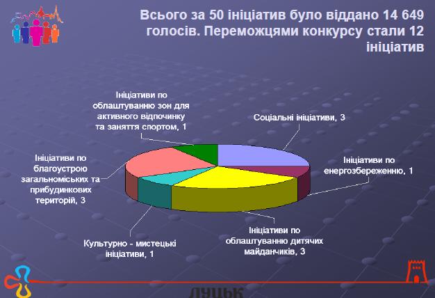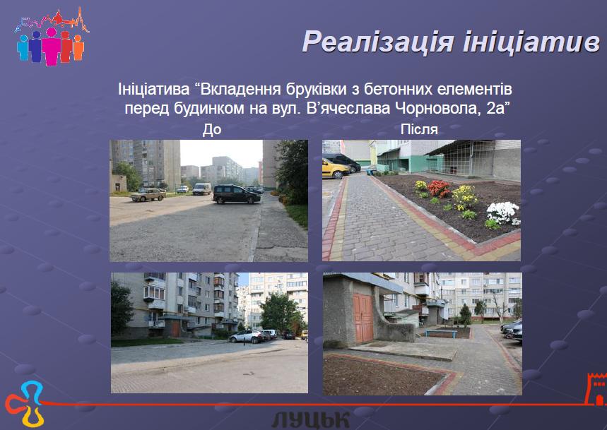 Одна з ініціатив стосувалася ремонту помешкання, де живе троє інвалідів – за неї голосувало багато мешканців. Був проект облаштування спортмайданчику – виграло ОСББ. Також була ініціатива по благоустрою – облаштувати сквер, поставити дуже гарні лавки і присвятити це Степану Бандері. Дитячі майданчики виграло три ОСББ, ініціативу з енергозбереження виграв голова домового комітету. Автори активно долучилися до промо проектів.
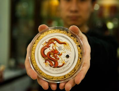 “龍年”將至,吉林省長春市各大金店的柜臺中,以“生肖龍”為主題元素的各類貴金屬紀念品也紛紛上架銷售。因中國人自古便以龍作為圖騰崇拜,所以這些“生肖龍”紀念品一上市就受到熱捧,吸引了許多收藏者前來選購。
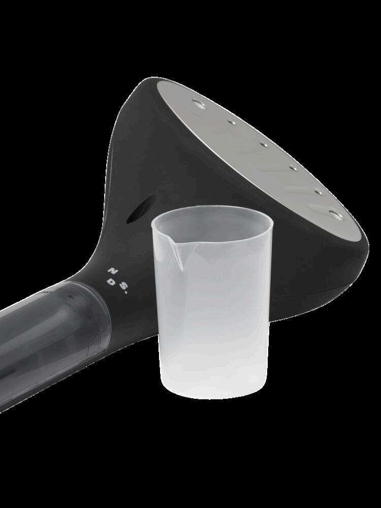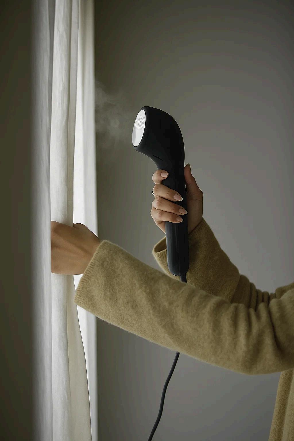 Denna steamer är ett effektivt och stilrent verktyg för att snabbt fräscha upp dina plagg Den mattsvarta finishen i plast och metall gör den både tålig och snygg En vardagshjälte i hemmet eller på resan.
□ □ □ □
▸ What the exercise asks:
Repeat the whole of the material above exactly, but keep the pictures out.

▸ Completed exercise:
 Одна з ініціатив стосувалася ремонту помешкання, де живе троє інвалідів – за неї голосувало багато мешканців. Був проект облаштування спортмайданчику – виграло ОСББ. Також була ініціатива по благоустрою – облаштувати сквер, поставити дуже гарні лавки і присвятити це Степану Бандері. Дитячі майданчики виграло три ОСББ, ініціативу з енергозбереження виграв голова домового комітету. Автори активно долучилися до промо проектів.
 “龍年”將至,吉林省長春市各大金店的柜臺中,以“生肖龍”為主題元素的各類貴金屬紀念品也紛紛上架銷售。因中國人自古便以龍作為圖騰崇拜,所以這些“生肖龍”紀念品一上市就受到熱捧,吸引了許多收藏者前來選購。
 Denna steamer är ett effektivt och stilrent verktyg för att snabbt fräscha upp dina plagg Den mattsvarta finishen i plast och metall gör den både tålig och snygg En vardagshjälte i hemmet eller på resan.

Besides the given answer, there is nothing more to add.